J'ai eu la chance de réaliser mon dernier stage d'étudiante du Master INA-Sup au Service Son de la Bibliothèque nationale de France. Une mission en apparence fastidieuse mais en fait passionnante m'attendait : l'identification et le traitement d'un fonds de cylindres phonographiques inédits, vieux de plus d'un siècle, que la BnF conserve précieusement depuis plusieurs décennies.

Un véritable travail d'enquête pour partir à la recherche des origines, des significations et des contextes de réalisation de 431 cylindres inédits, qui avaient la particularité, comme leur nom le suggère, de n'avoir jamais été identifiés ni documentés. Chaque cylindre devenait une énigme sonore à résoudre. J'ai écouté et étudié des enregistrements de natures très diverses, qui se révélaient parfois aussi incroyables que mystérieux.

Le cylindre phonographique est le plus ancien support d'enregistrement du son. Les inédits ont donc été captés à l'aube nébuleuse de l'enregistrement sonore. Ils renferment des trésors, témoignages uniques d'une époque révolue.

 

Phonographe à cylindre Pathé Le Coquet, 1903 (Collection Charles Cros)
 
Lorsqu'on envisage le traitement documentaire d'un cylindre, il faut considérer que le support et le contexte d'enregistrement sont indissociables du contenu à étudier. L'enregistrement sonore représente une révolution à ses débuts qu'il est difficile d'imaginer aujourd'hui. Les locuteurs s’y exprimaient pour la plupart sans avoir jamais vu de phonographes et avec l'inquiétude mêlée d'enthousiasme que provoquent toutes les nouvelles expérimentations technologiques. C'est pourquoi le fonds des cylindres inédits est en grande partie composé de tests techniques – textes récités, farces, bruits étranges, conversations informelles, etc. – visant à évaluer l’étendue des capacités d'un phonographe, à réaliser des prises de son ou tout simplement à montrer à un public restreint l'efficacité et la réalité de la nouveauté technologique qu’est l'enregistrement phonographique. Cette particularité rend à son tour expérimentale l'organisation documentaire.

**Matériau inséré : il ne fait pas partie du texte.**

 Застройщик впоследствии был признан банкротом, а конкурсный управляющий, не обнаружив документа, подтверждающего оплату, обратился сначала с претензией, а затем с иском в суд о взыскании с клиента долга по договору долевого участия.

Nombre des enregistrements sur cylindres ont fait du support la raison d'être-même de l'enregistrement. La plupart des collecteurs semblaient autant passionnés d'anthropologie que de technique. C'est le cas de Léon Azoulay, médecin et membre de la Société d'Anthropologie de Paris. Il se fait pionnier de l'usage de l'enregistrement sonore en ethnographie quand il collecte 400 cylindres lors de l'Exposition Universelle de 1900 qui se tient à Paris. Méticuleux, le médecin documente de façon précise ses enregistrements et les signe de sa propre voix. Il rédige des fiches descriptives dans lesquelles il reporte phonétiquement chacun des enregistrements (une phonétique inventée puisque il ne parle sans doute aucune des langues entendues). Ces 400 enregistrements sont publiés sur le site du Centre de Recherche en Ethnomusicologie. On trouve cependant sur Gallica 12 cylindres inédits qui appartiennent bien au fonds Azoulay mais ne figurent pas sur son inventaire de l'Exposition Universelle, et qui étaient donc restés totalement inconnus jusqu’à ce jour.

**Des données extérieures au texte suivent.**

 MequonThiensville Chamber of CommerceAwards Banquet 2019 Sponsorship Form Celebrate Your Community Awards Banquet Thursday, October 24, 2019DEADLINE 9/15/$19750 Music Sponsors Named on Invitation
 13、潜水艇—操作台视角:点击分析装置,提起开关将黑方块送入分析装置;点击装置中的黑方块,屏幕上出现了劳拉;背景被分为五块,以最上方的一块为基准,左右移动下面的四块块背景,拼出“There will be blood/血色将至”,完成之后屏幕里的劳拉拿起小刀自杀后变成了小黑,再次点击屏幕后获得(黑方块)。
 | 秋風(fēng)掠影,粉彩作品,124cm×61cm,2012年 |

Vous pourrez découvrir sur Gallica ces enregistrements, qui semblent avoir été l'objet des expérimentations techniques d'Azoulay, alors à la recherche de la recette de la « galvanoplastie », procédé physique permettant la reproduction du support cylindre. Certains sont donc étrangement similaires voire identiques, fruits d'une galvanoplastie maison.

Le fonds Henri Labouret comporte des enregistrements de nature ethnographique, collectés durant la Mission Dakar, qui s'est déroulée en 1932-1933 en Afrique du nord-ouest. Les captations ont été réalisées au Sénégal et en Guinée, mais les locuteurs qui s'expriment proviennent de pays variés : Burkina Faso, Côte d'Ivoire, Ghana, Guinée, Sénégal et Togo. On entend dans ces enregistrements des contes, des légendes et des chants interprétés en langues, dialectes et sous-dialectes de régions variées. Les cylindres du fonds Labouret sont très bien conservés et documentés.

Les dialectes et sous-dialectes, sont les langues d'expression qui varient en fonction de zones géographiques très restreintes, parfois à l'échelle d'une commune si l'on en croit l'indexation de Labouret. Ces langues ont évolué, et pour certaines ont disparu aujourd'hui. Le poète Victor Segalen, grand défenseur du « Divers », prévenait déjà, au début du XXème siècle, des dangers de l'homogénéisation culturelle, craignant l'invasion de l'Entropie, cette « pâte tiède » qui avale tout et noie les beautés variées du monde dans sa cruelle indifférence. La plupart des Iangues et dialectes présents dans les inédits ne soient plus parlés aujourd'hui, ce qui renforce l'urgence à les identifier pour en sauvegarder la mémoire.
 

 

Vous pourrez aussi entendre en exclusivité sur Gallica un enregistrement de la voix de Jean-Baptiste Charcot, explorateur des pôles. Le navigateur s'apprête alors à embarquer sur le Pourquoi Pas, son fidèle navire, pour partir à la découverte des richesses du Groenland. Ce cylindre a sans doute été l’objet d’un montage ; on distingue nettement deux parties, une première qui est la captation d’un enregistrement de Charcot et une deuxième dans laquelle on entend la voix d’un homme évoquant les difficultés financières de l’expédition au Groenland de Charcot.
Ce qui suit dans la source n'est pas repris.